Fulke Johnson Houghton

Personal information
- Born: 9 May 1940 Cheshire, England
- Died: 13 February 2025 (aged 84)
- Occupation: Trainer

Horse racing career
- Sport: Horse racing
- Career wins: 1,200+

Major racing wins
- British Classic Race wins: St Leger (1967, 1968)

Significant horses
- Romulus, Ribocco, Ribero, Ribofilio, Habitat, Rose Bowl, Ile de Bourbon, Double Form, Tout Seul

= Fulke Johnson Houghton =

British racehorse trainer (1940–2025)

Richard Fulke Johnson Houghton (9 May 1940 – 13 February 2025) was a British Thoroughbred racehorse trainer. He trained over 1,200 winners in a career which lasted from 1961 until 2006. The best of his horses included Ribocco, Ribero, Habitat, Rose Bowl, Ile de Bourbon and Double Form.

==Background==
Johnson Houghton was born on 9 May 1940 in Malpas, Cheshire, to the trainer Gordon Johnson Houghton and his wife Helen. He was named after his mother's twin brother Fulke Walwyn. Johnson Houghton was educated at Eton College before working as an assistant trainer in Britain and France. When Gordon Johnson Houghton died in 1952 Helen took over the Woodway stable at Blewbury in Berkshire but under Jockey Club rules, women were not allowed to hold a training licence. She therefore managed the yard through assistants including Charles Jerdein and Peter Walwyn. When Walwyn set up his own stable in 1961 the 20-year-old Fulke, then working on a cattle farm in Australia, was recalled to England to take over the licence at Woodway.

==Training career==
At the start of his career, Johnson Houghton was the youngest licensed trainer in Britain. His first major patron was the American businessman Charles Engelhard for whom he trained in the 1960s. In the second year of his training career, he sent out Engelhard's colt Romulus to win the Greenham Stakes, Sussex Stakes and Queen Elizabeth II Stakes. Later in the decade he had further success for Englehard as he trained the brothers Ribocco, Ribero and Ribofilio. The first two both won the Irish Derby and the St Leger whilst Ribofilio won the Dewhurst Stakes before running badly when favourite for the 1969 2000 Guineas: Johnson Houghton maintained that the horse had been "got at" and doped before the race. In the same year Johnson Houghton won a series of top mile races with Habitat.
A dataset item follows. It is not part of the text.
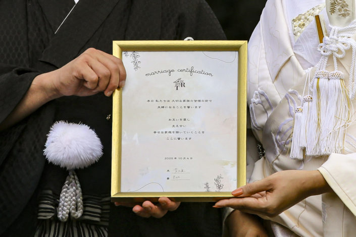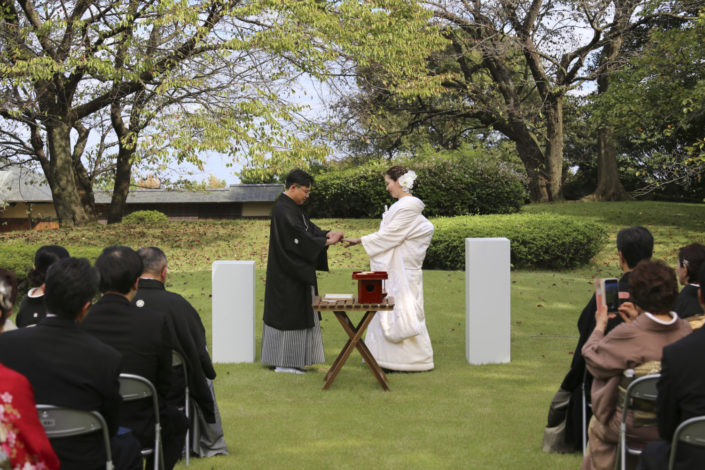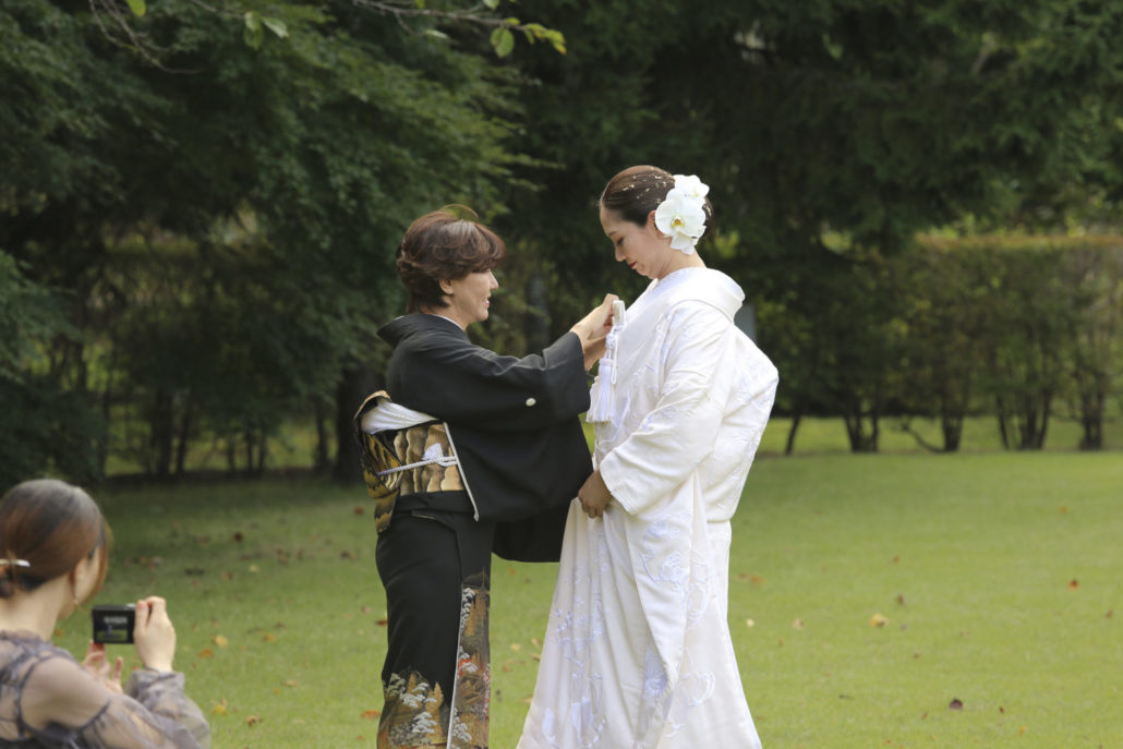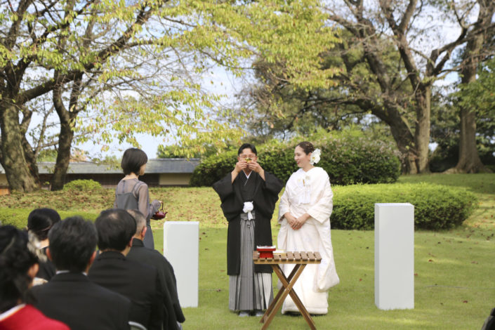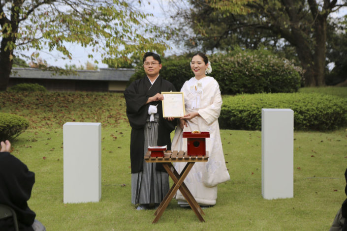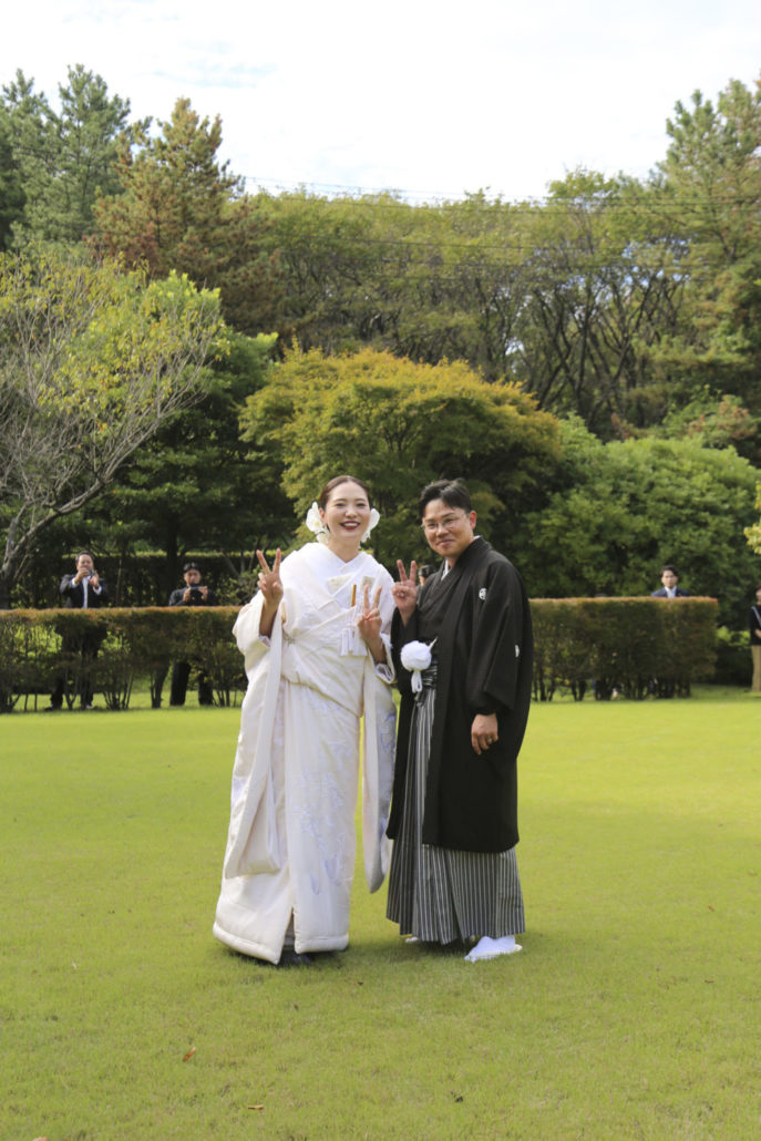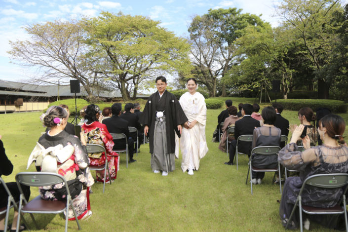 10月の過ごしやすい秋晴れの日、酒田市にある出羽遊心館様のお庭にて人前挙式を、ホテルリッチ&ガーデン酒田様にて披露宴を行いました。

In the 1970s Johnson Houghton trained the leading sprinters Parsimony (July Cup, Cork and Orrery Stakes) and Double Form as well as the outstanding racemare Rose Bowl. In 1977 he narrowly failed to win The Derby when Hot Grove was beaten in a photo finish by The Minstrel. In the following year Johnson Houghton sent out Ile de Bourbon to record an upset victory in the King George VI and Queen Elizabeth Stakes.

Johnson Houghton had less success in the later half of his career but he continued to train some good horses. He won the Cork and Orrery Stakes with Posada in 1988 and trained Ruling to finish third in two editions of the Champion Hurdle. His last top-class performer was Tout Seul who won the Dewhurst Stakes in 2002.

Johnson Houghton announced his retirement in 2006 after a 45-year training career which saw him win over 1,200 races.

==Personal life and death==
Johnson Houghton married Gaie Goldsmith, the daughter of trainer John Goldsmith. His daughter Eve took over his stable on his retirement. He died on 13 February 2025, at the age of 84.